Em todos as vilas e aldeias do nosso querido Portugal, ainda os há — e que belos, dentro da sua ingenuidade, modelados por essa gente simples, mas de alma nobre e bela, que sabe ter sempre dentro do coração o seu Menino Jesus.
Como já vimos, o presépio é uma demonstração de fé e amor por Aquele Que é a vida de todos e de tudo; e, por tal, devemos e queremos que em cada lar exista o seu presépio para que, em família, todos adoremos, irmanados na mesma alegria, o Redentor, dando-Lhe graças e louvores. E, para que assim seja, aqui tens, bom amigo, este livrinho com algumas sugestões, para que tu e os teus possais construir, por vós próprios, o presépio que, feito por ti, será decerto mais belo, por fazer parte da tua vida e da dos bens.
Com os exemplos que te damos e com o teu engenho, poderás construí-lo a teu modo, dando-lhe a arrumação que a tua imaginação criadora te pedir.

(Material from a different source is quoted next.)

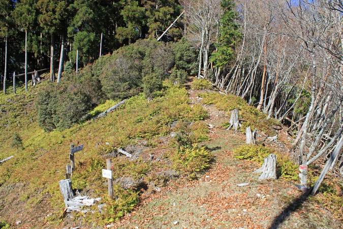| 下ったところは逓信道(笠捨山巻き道)分岐点です。 |
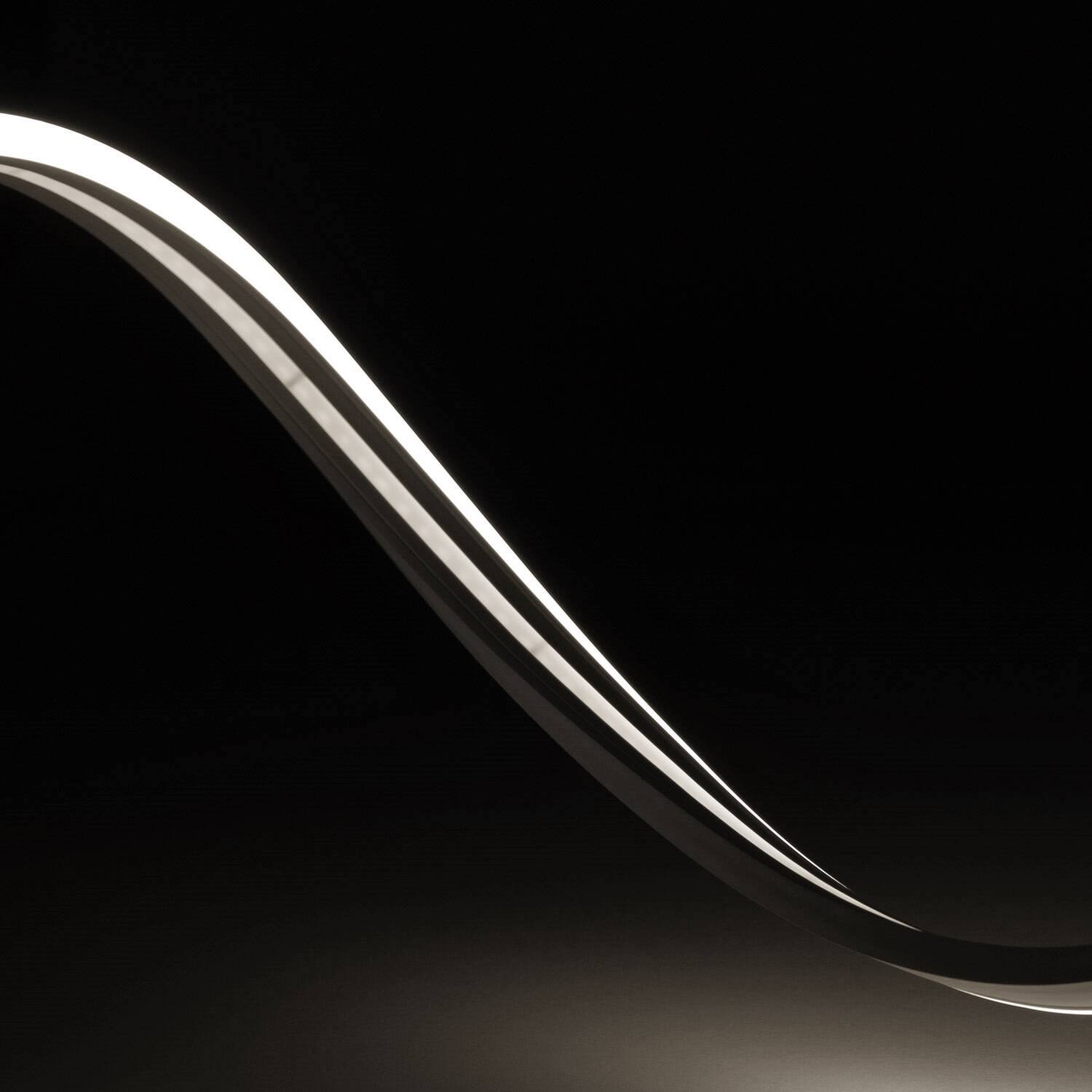 La gaine en PVC et silicone assure une grande flexibilité pour dessiner des courbes et logos, tout en excluant les angles droits ou très aigus. Le profil fin permet une intégration discrète sur profils, caissons ou éléments décoratifs, facilitant un rendu professionnel.

Tudo que faz parte da tua vida, da tua aldeia, ou da tua vila poderá servir para a resolução do mesmo.
Tens tempo e também não te falta engenho. Portanto, mãos a obra, para que no teu Natal possas reunir, em volta dele, todos os que te são queridos, alegrando o nascimento do Menino Deus, rezando e cantando em seu louvor. Deves reservar para o teu presépio o melhor recanto da tua casa, dando-lhe assim o lugar de honra onde todos caibam, para cantarem as "Janeiras", essas tão lindas trovas de sabor tão popular que não se devem perder. Já pensaste que alegria terão os teus filhos ao contemplarem o presépio que tu construíste e em que eles alegremente colaboraram? Tens uma casa pequena e, portanto, pouco espaço para armares o teu presépio? Eis uma solução que ainda te dará mais beleza e movimento: — podes construí-lo, em planos sucessivos, isto é, dispondo as figuras em vários montes e tens assim o problema do espaço resolvido. Põe todos a trabalhar, uns recortando, outros modelando; outros pintando e ainda outros em busca do musgo, das piteiras, da cortiça e dos martuços e verás que tudo se fará e que o teu presépio ficará o mais lindo que tens visto.